Еще живу и жизнь жую свою же
беззубую, средь полной тишины.
Мне зябнется с утра в октябрьской этой стуже,
и жду, как откровения, жены.
Завещание
Я продолжаюсь… Этот август – мой,
и я пока еще шагаю без запинки.
Иду по скособоченной тропинке
и возвращаюсь в августе домой.
Но скоро ль разум облачится тьмой
и справит по нему жена поминки,
и жизнь пойдет предсмертной кутерьмой?
Я с самого рожденья жил и рос,
но в старости сгибаюсь как вопрос,
расхристанный хохол иль просто малоросс,
как долгоклювый мертводушный Гоголь,
и спрашиваю под шумок, а много ль
недель мне жить? Но азбуки не зная,
я припеваючи, как Вечный Жид, живу.
И смерть узнаю я не наяву,
а в дряхлом сне. И жизнь моя сквозная
не покидает даже дом,
где Вечным я сижу всегда Жидом
и, погружаясь в гробовые доски,
отшучиваюсь, Боже, по-жидовски.
Сгибаюсь мыслями в горбатый знак вопроса,
по-воробьиному клюю рассыпанное просо.
А воробьишка кто? Блаженная пичуга.
А лето покривилось, как лачуга,
от гроз, нагрянувших и с севера, и с юга.
От ига стариковского недуга
трясусь, как Вечный Жид иль старый воробей,
робея, будто жук, вонючий скарабей,
катая из вещей ничтожных завещанье,
по вечности, покуда еще жив,
пока я Вечный Жид и, смерти не нажив,
вдоль августа тащусь я по тропинке.
Кивают мне невинные травинки,
и этим травам я Бог весть зачем, но рад,
мне по сердцу зеленый их наряд.
Любой травинке я столетний брат,
и по моим годам брожу я разом
лохматым барсуком, колючим дикобразом.
Ломаю я надтреснутые сучья,
зане природа у меня барсучья,
и норовлю я в старость, как в нору,
укрыться, как в последнюю дыру.
Колюч, как дикобраз иль даже Божий еж,
живу и ежусь я от старости. Ну что ж?
Какой же рок меня вот так нарек –
старик, зубастый как хорек,
который душит дур и белых кур,
он, бывший балагур и бедокур.
И с палочкой кривой слоняясь меж вещами,
как иероглиф Солнца – скарабей,
жене я оставляю завещанье,
как жирный том моих лирических скорбей.
Послушай напоследок, друже Муза,
мне в старости бывает каково,
когда я сам себе великая обуза,
а в целом мире нету никого
опричь тебя.
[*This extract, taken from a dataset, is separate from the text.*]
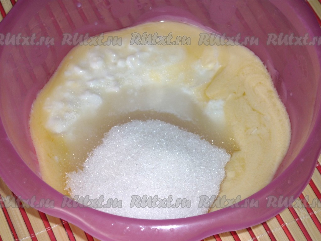 Вылить в растопленное масло кефир, добавить сахар, соду, соль,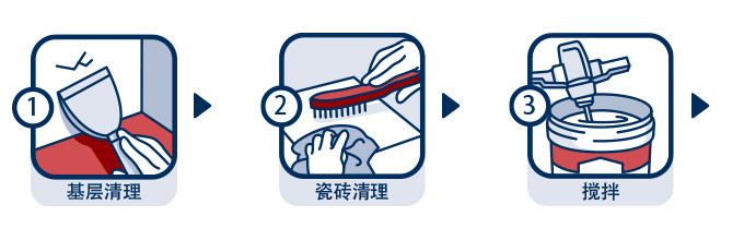 | 施工事項: | 瓷磚背面應干燥且無浮灰。在開放時間(一般為20分鐘)內完成瓷磚的揉壓粘貼。禁止無縫貼磚,磚縫不小于2mm。建議使用齒刮刀在基層與瓷磚背面同時薄刮瓷磚膠粘劑進行雙面涂膠。攪拌好的膠漿須在2小時內用完。 |

И посредине спора
с моим расстроенным нутром
ты посох мне, и палка, и опора,
пока еще далеко Божий гром.
Ты ластишься: пожить еще попробуй!
Пусть, дескать, гинут сверстники твои.
Стихи бегут, как по весне ручьи.
Неприрученные, они еще ничьи.
Не стану спрашивать врачей я о прогнозе.
О смерти нынче буду думать сам,
как о мгновенном мифе, как о прозе,
которая не верит чудесам.
Прощаюсь я с собой, и на разлуку
я подаю последней фуге руку.
Авось в краю моих родимых Муз
назло смертям, как дым и даль, очнусь.
Авось инобытийствовать я буду,
и в десять вечностей я сдуру попаду.
А вечность – будто хлеб печеный на поду.
Помилуй, Боже, грешного зануду,
сидит он в августе, как бы в густом саду.
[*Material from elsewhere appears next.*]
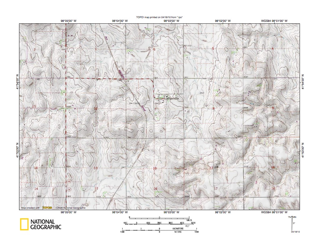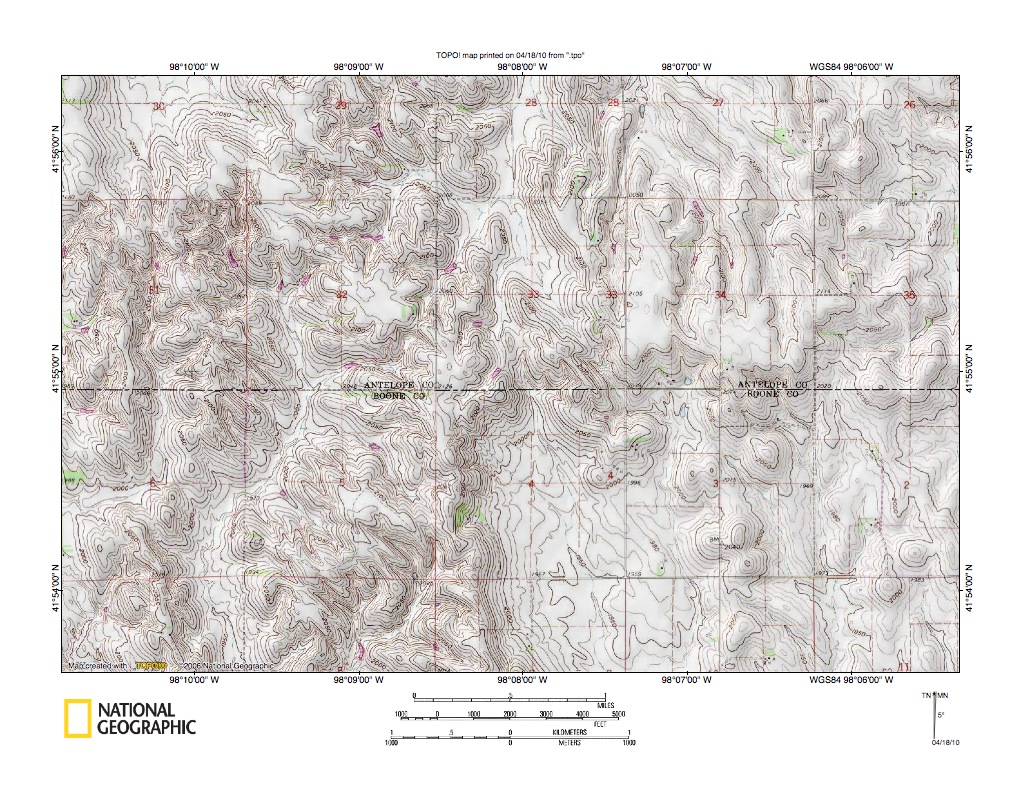 Figure 2: Elkhorn River-Loup River drainage divide area between Shell Creek and Beaver Creek detailed location map. United States Geological Survey map digitally presented using National Geographic Society TOPO software.

В последний раз я спрашиваю, кто я,
как шало я полжизни вопрошал,
не место ли в поэзии пустое
и стих мой, как разбойник, согрешал?
Вопрос горбат, и на его горбу
неужто в рай лирический не въеду?
И что мне зарубить теперь на лбу?
Вся жизнь мне въедлива была, и следу
бесслезного она мне не оставит.
Мой август вечности мне не прибавит
ни к осени, ни к смерти бесконечной,
копеечной, юродивой, увечной.
Авось как Вечный Жид я буду жить,
кому и ни к чему меж строчек шляться,
кто всё еще способен размышляться.
Не породнюсь я с вечностью земной.
Какая вечность будет жить со мной?
С какой же слажу, рифмоплет сумной?
Авось я буду без надзора жить
и попусту ничем не дорожить.
Авось возникну я ничьей водой ручья.
Авось и будет смерть моя ничья.
Сорок мучеников
Сорок мучеников поспели –
значит, подопрелый март пришел,
жареные жаворонки сели
стаею на предпасхальный стол,
и того, кто духом нищ и гол,
теплые последние метели
в ризы белоснежные одели
и ему кондак весенний спели,
и на лбу воздвигли ореол.
Каждый мученик, как заунывный вол,
головой помахивая, вел
борозду свою в былом апреле.
И Тебе молюсь я еле-еле:
Господи, услыши мой глагол!
На стихиры душу положив,
я на сорок мучеников жив.
Тучи громыхали, серые, как танки
Тучи громыхали, серые, как танки.
А старик рыбачил с моста на Фонтанке.
И была Фонтанка тихой, как болото,
так что вяз в ней цокот лошаденок Клодта.
При луне волшебной старичок рыбачил,
словно дряхлый призрак, душу раскорячил.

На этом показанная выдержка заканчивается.